In the proposed solution, console output from the worker processes is managed using a mutex to ensure that sections of output from different worker processes remain separate. On the other hand, the executed subprocesses know nothing about the workflow system, and any subprocess could log anything to stdout or stderr at any time. There are two possible ways of managing console output from subprocesses, neither of which is ideal:

  1. Each subprocess logs directly to the console. This ensures console output is displayed in real time; however, console output from different subprocesses can get mixed up.
  2. Each worker process stores the console output from its subprocess and returns it to the main process together with the return code so the main process can log it. This option is demonstrated by the script example_queueing_with_output_management.py. This strategy ensures that console output is displayed cleanly and separately for each subprocess, but also means that console output is not displayed in real time.

Note that, with both options, it is impossible to completely rule out losing stdout output when a subprocess is killed.

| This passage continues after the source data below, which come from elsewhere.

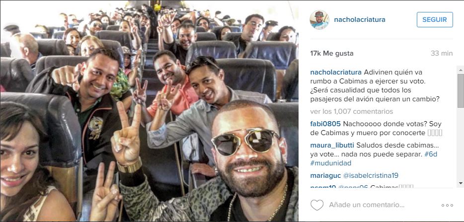 «Adivinen quién va rumbo a Cabimas a ejercer su voto. ¿Será casualidad que todos los pasajeros del avión quieran un cambio?». expresó en su cuenta de instagram, junto a una imagen en la cual se ve en el avión posando con el resto de los tripulantes de la nave.
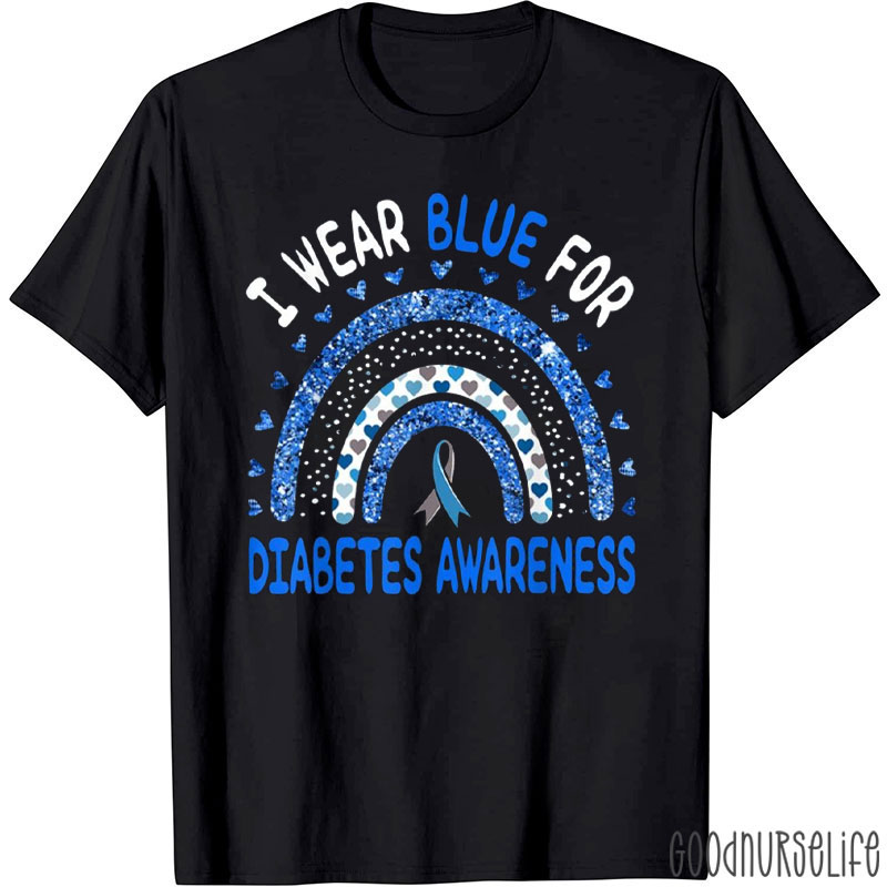 Wear Blue for Diabetes Awareness Glitter Rainbow Nurse T-Shirt
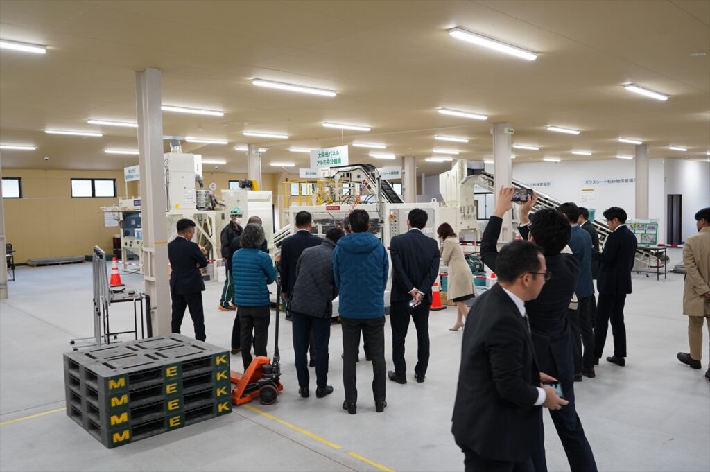 次代を担う青年経営者等で構成される同青年部17名の皆さまが11月8日(金)にエコロジーセンター愛子の視察に見えられました。弊社社長砂金が当社の脱炭素経営と当施設の導入の背景と経緯を説明し、VTRの視聴、その後施設の作業工程における機械の稼働する様子を見学体験していただきました。お越しいただいた皆様からは、工程内での手作業による質問や可能なパネルのサイズ等の質問があり、雇用や資源循環の重要性について理解を深め情報を共有しました。宮城県中小企業団体青年部連絡協議会の皆様、遠くまでお越しいただき誠にありがとうございました
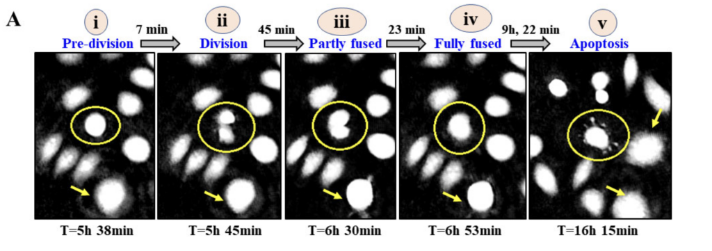 With HoloMonitor M4, authors can see the small cells are released from giant mother cells. The giant cells are multinucleated, and some of the subnuclei may possess a proper set of chromosomes, which allows them to survive.

This is because subprocesses manage their own stdout buffering and the contents of the buffer typically get lost when a subprocess dies. Although this effect can be avoided for Python commands by adding -u after the sys.executable to prevent buffering (see the commands at the bottom of example_queueing_with_output_management.py), the same is not true of all other commands at the OS level. However, this is not necessarily a big problem because the console output from the command that actually failed and led to the other commands being killed — and this is the command that the user will usually want to investigate — will never get lost.

With the second option it would also be possible for worker processes to send the main process stdout outputs in chunks. While these could be displayed in a controlled way that would ensure we didn't get output from multiple processes on the same line, each chunk from a given process would still be unlikely to form a logical section of output. This would be likely to make the log as a whole hard to read; the console output would also differ in its structure and its readability between consecutive executions of the same workflow. On balance, then, it is probably better to store up all the stdout output for a given subprocess and only display it when the subprocess completes or is killed, even though this means the output is not visible in real time.

4.4 Executing serial commands

For consistency's sake, it could be argued that commands executed in the normal, existing serial fashion should also use the new mechanism and that every serial command should be executed as a 1-member parallel group. On balance, though, starting an extra worker process every time a serial command is executed seems like overkill. This change is also much less risky if it only relates to parallel execution in new project files rather than to all commands in old and new project files. It therefore makes sense to leave serial execution as it is.